We over lapped a bit. I left in '88 after about five years there. I liked Dodge…still do, but it had begun to fade with the closing of St. Mary of the Plains College.

My guess is that the Sheriff wants Claude to stop being so gruesomely enthusiastic.

Think about what “embalmathon” means: there’s going to be a convention of morticians competing against each other to embalm as many corpses as possible until the last one remains standing. This concept is counterproductive to the intention of helping morticians (toetaggers) sleep better, as the most sturdy of competitors is going to resist falling asleep as long as possible.

Think about a dance marathon, but instead of couples dancing, it’s a convention hall full of morticians fondling dead bodies.

It’s not an immediate-laugh gag. It’s one that requires some thinking, and the more one imagines what takes place during an embalmathon, the more grotesque it gets. It’s not so much the location that’s the punchline; it’s what’s being done there.

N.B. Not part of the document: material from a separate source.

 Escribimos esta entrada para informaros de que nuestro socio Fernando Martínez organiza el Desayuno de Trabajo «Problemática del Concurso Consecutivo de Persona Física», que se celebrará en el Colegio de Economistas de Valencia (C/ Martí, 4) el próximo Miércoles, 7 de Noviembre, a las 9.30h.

OK, I can’t remember the last time I heard anything about Dodge City or Tombstone (and my grandfather had the crime beat for the Wichita Eagle for decades), and I don’t know if I ever knew enough to make the connection, but I definitely don’t now. However, I am not the sort of person who reads Tumbleweeds on a regular basis. If I were, that probably would have come to my mind right away.

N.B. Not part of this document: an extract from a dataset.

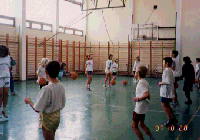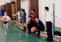 体育館でのバスケットボールの練習風景です。体育の先生方が多かったのか、やがて試合になったら、参加していました。 | ![]() |

I think that’s what we’re meant to jump to.

It also makes sense in context, because I don’t know whether undertakers of the time actually spent time in morgues. Morgues, IIRC, were where bodies of crime victims were kept if they needed to be pending a coroner’s inquest, and rudimentary autopsies were done, but burials took place ASAP, and unclaimed bodies were kept by the police. If someone in your family was missing, you could check out the morgue. I’m not even sure when the word “undertaker” came to mean a funeral director. An “undertaker” was the head of a plantation in the 1700s. In the UK, an undertaker was someone who worked for the English crown and took over forfeited properties in Ireland.

Embalming started during the civil war, when people wanted bodies back. So undertakers maybe were a little crazy, because they dealt with a lot of arsenic.

Was Tumbleweeds set in a specific year, or was it explicitly before or after the civil war?

I really can’t handle that second cup of coffee.

I think that’s the best answer.

The problem I have with this interpretation is that the logical response from the Sheriff, then, should have been “I get it, I get it!” rather than saying he can guess. The actual response still suggests to me that the reader ought to be able to fill in the blank on the location.

Yup. Mellowed out with some antihistamines, and it’s all better now.

This Tumbleweeds…it is deep…

How about someone post the ones before and after? I saw one of them for sale at some site. It looked like from the same week.

On what do you base that? Embalming has been happening to important people since ancient Egypt. Are you saying embalming only started being done to average Joe’s during the Civil War?

I guess the cartoon just means we should know it’s Boot Hill, since that’s the obvious place there would be a fast-food level throughput of bodies needing a mortician’s services.

And cure for insomnia because…hey! Print strips are written by addled old fuckers! Stop asking questions!

Har har!

No specific year, just “The Old West.”

If you wanted to play Sherlock Holmes games, you could… There are references to Abraham Lincoln’s death, so it’s after the Civil War. There was one reference to Custer and Little Big Horn, as the news was being spread as an early rumor, so that nails the date down.